Required action = Using the listing below, please print exactly the lines from the one with "Алюминиевый профиль для" through the one with "Carro de Servicio". Leave out every picture.

Supplied records =
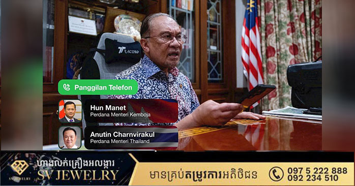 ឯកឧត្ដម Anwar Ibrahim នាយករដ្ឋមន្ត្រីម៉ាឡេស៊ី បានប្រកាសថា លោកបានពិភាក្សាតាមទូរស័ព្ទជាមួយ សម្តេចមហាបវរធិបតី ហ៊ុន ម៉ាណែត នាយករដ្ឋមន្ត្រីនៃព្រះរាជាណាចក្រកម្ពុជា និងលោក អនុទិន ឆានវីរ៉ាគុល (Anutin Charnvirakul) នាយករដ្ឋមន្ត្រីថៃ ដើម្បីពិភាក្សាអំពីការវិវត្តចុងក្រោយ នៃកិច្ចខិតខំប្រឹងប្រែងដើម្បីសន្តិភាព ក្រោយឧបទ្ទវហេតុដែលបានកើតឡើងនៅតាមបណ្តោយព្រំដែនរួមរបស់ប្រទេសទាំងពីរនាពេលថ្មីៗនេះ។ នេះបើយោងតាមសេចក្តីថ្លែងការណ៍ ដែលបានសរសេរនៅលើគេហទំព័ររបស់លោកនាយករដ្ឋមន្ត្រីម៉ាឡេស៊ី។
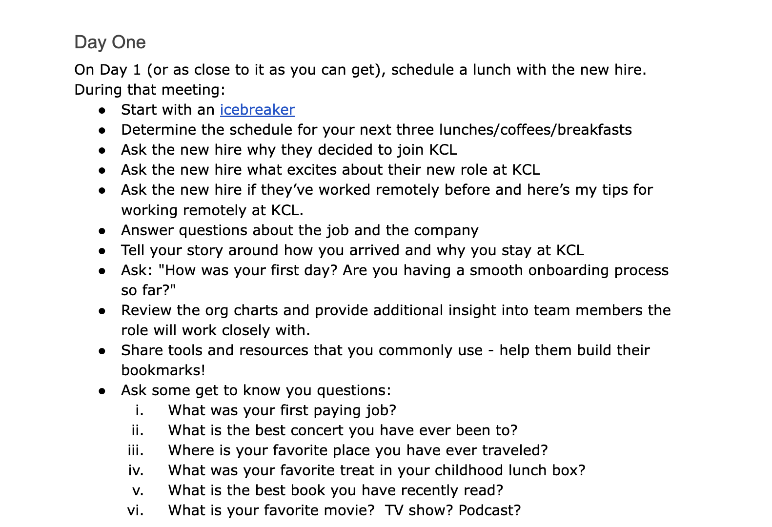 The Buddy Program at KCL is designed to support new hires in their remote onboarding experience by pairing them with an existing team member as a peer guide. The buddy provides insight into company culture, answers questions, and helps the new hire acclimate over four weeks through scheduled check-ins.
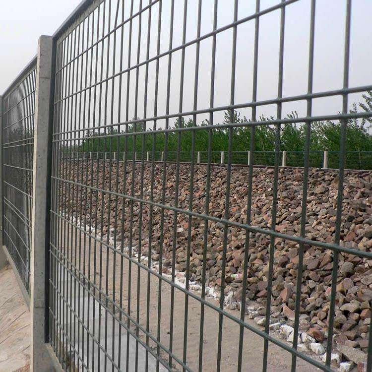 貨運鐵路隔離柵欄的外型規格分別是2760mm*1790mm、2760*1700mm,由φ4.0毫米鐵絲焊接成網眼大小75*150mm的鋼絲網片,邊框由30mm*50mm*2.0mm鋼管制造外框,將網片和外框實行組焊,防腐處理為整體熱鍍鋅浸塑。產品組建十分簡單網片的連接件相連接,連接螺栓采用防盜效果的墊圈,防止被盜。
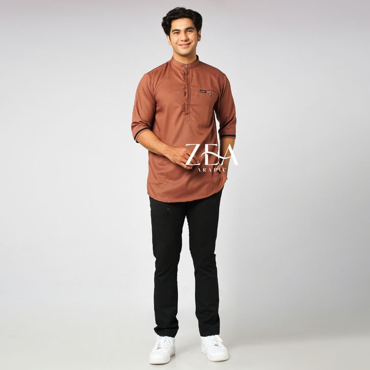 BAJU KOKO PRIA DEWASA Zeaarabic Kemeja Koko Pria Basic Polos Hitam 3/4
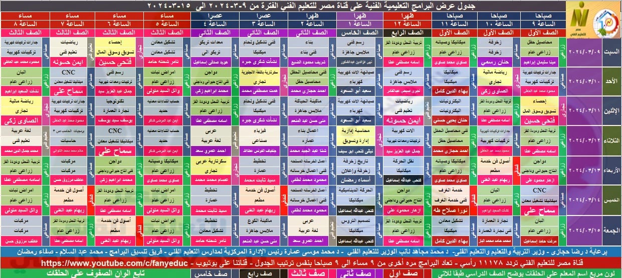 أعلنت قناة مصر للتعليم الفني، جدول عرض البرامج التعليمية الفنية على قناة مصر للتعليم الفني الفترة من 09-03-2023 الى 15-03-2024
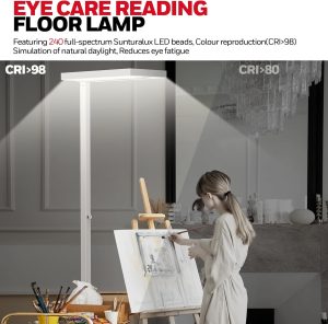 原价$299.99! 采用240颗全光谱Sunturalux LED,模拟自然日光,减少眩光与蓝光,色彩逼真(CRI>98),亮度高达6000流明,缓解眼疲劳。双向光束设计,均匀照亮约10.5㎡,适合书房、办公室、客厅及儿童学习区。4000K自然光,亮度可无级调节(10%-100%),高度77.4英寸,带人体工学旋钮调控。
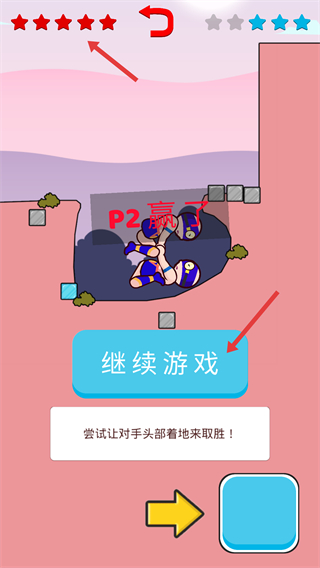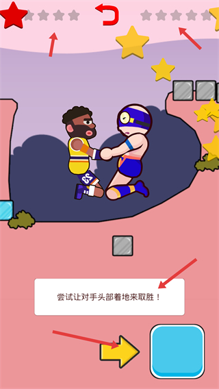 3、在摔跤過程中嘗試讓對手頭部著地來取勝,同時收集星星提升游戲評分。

...

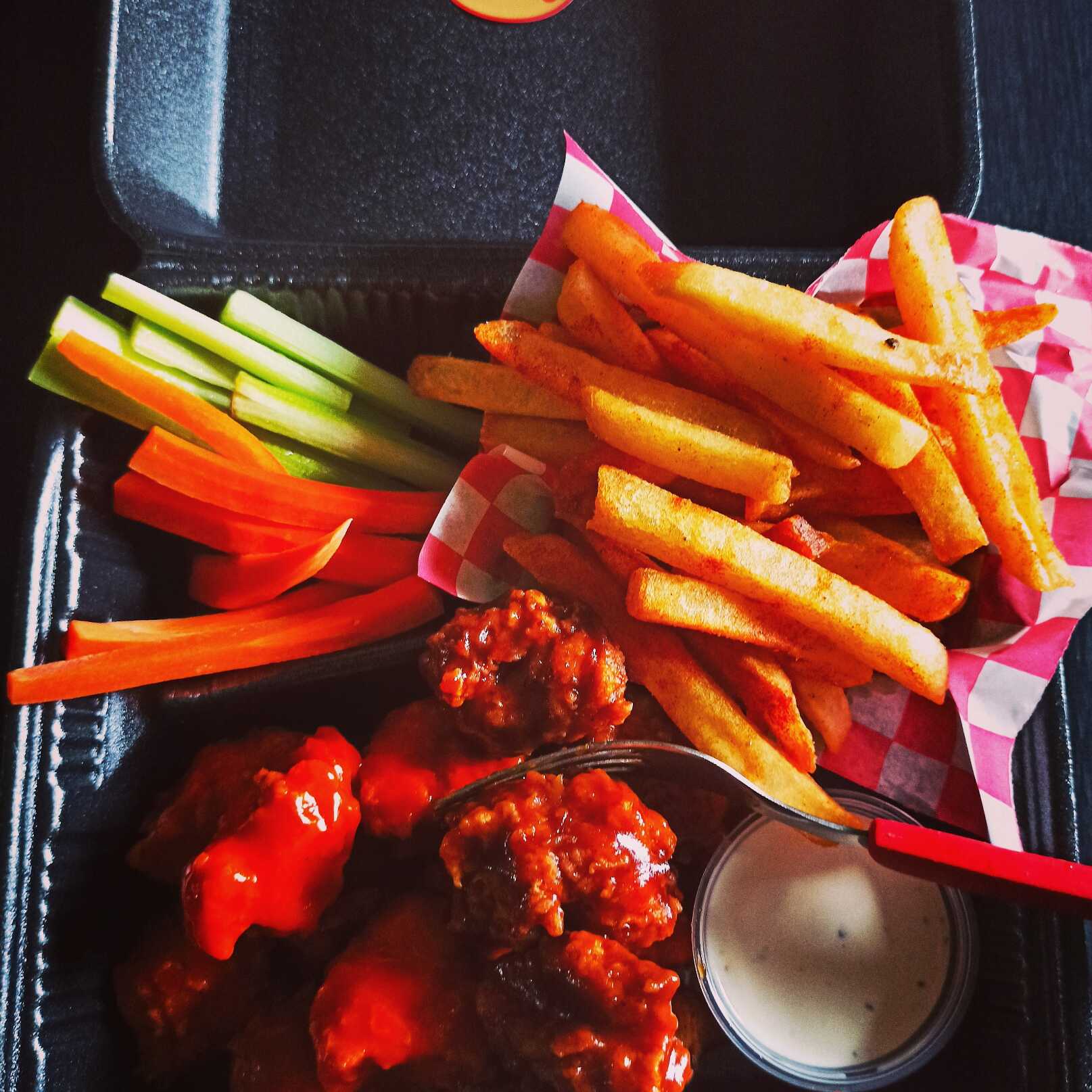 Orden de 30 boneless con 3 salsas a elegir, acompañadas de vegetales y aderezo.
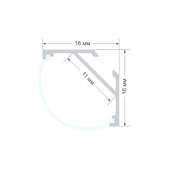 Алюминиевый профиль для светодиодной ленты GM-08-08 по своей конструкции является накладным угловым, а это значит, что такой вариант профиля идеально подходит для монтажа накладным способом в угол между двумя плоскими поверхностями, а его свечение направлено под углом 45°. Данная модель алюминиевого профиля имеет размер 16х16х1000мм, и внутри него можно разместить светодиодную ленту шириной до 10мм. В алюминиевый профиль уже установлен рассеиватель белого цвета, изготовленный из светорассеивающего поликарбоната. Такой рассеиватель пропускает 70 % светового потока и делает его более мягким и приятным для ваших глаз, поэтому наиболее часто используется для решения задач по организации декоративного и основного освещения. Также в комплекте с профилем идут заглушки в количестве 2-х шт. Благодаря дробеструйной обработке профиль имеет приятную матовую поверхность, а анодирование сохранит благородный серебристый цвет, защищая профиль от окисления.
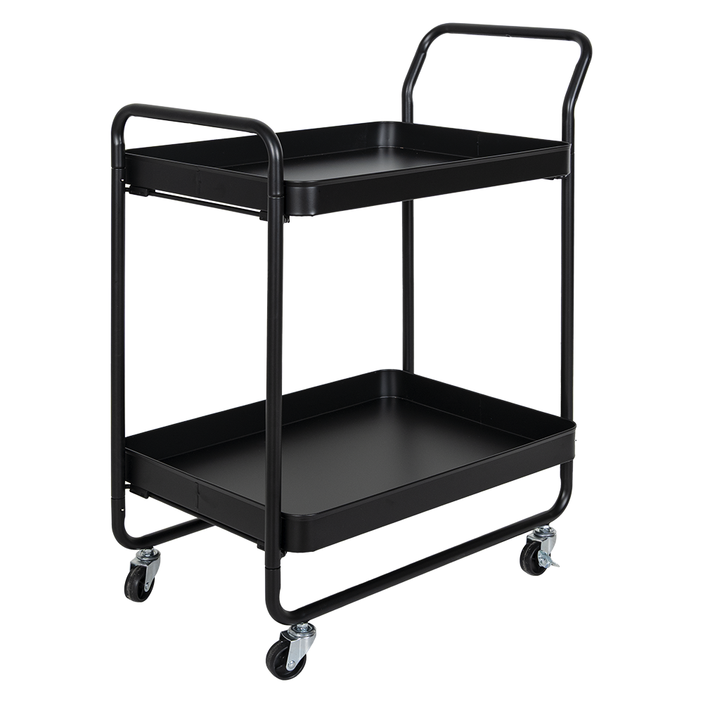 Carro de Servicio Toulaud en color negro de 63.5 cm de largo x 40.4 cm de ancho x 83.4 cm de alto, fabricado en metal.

Task output =
 Алюминиевый профиль для светодиодной ленты GM-08-08 по своей конструкции является накладным угловым, а это значит, что такой вариант профиля идеально подходит для монтажа накладным способом в угол между двумя плоскими поверхностями, а его свечение направлено под углом 45°. Данная модель алюминиевого профиля имеет размер 16х16х1000мм, и внутри него можно разместить светодиодную ленту шириной до 10мм. В алюминиевый профиль уже установлен рассеиватель белого цвета, изготовленный из светорассеивающего поликарбоната. Такой рассеиватель пропускает 70 % светового потока и делает его более мягким и приятным для ваших глаз, поэтому наиболее часто используется для решения задач по организации декоративного и основного освещения. Также в комплекте с профилем идут заглушки в количестве 2-х шт. Благодаря дробеструйной обработке профиль имеет приятную матовую поверхность, а анодирование сохранит благородный серебристый цвет, защищая профиль от окисления.
 Carro de Servicio Toulaud en color negro de 63.5 cm de largo x 40.4 cm de ancho x 83.4 cm de alto, fabricado en metal.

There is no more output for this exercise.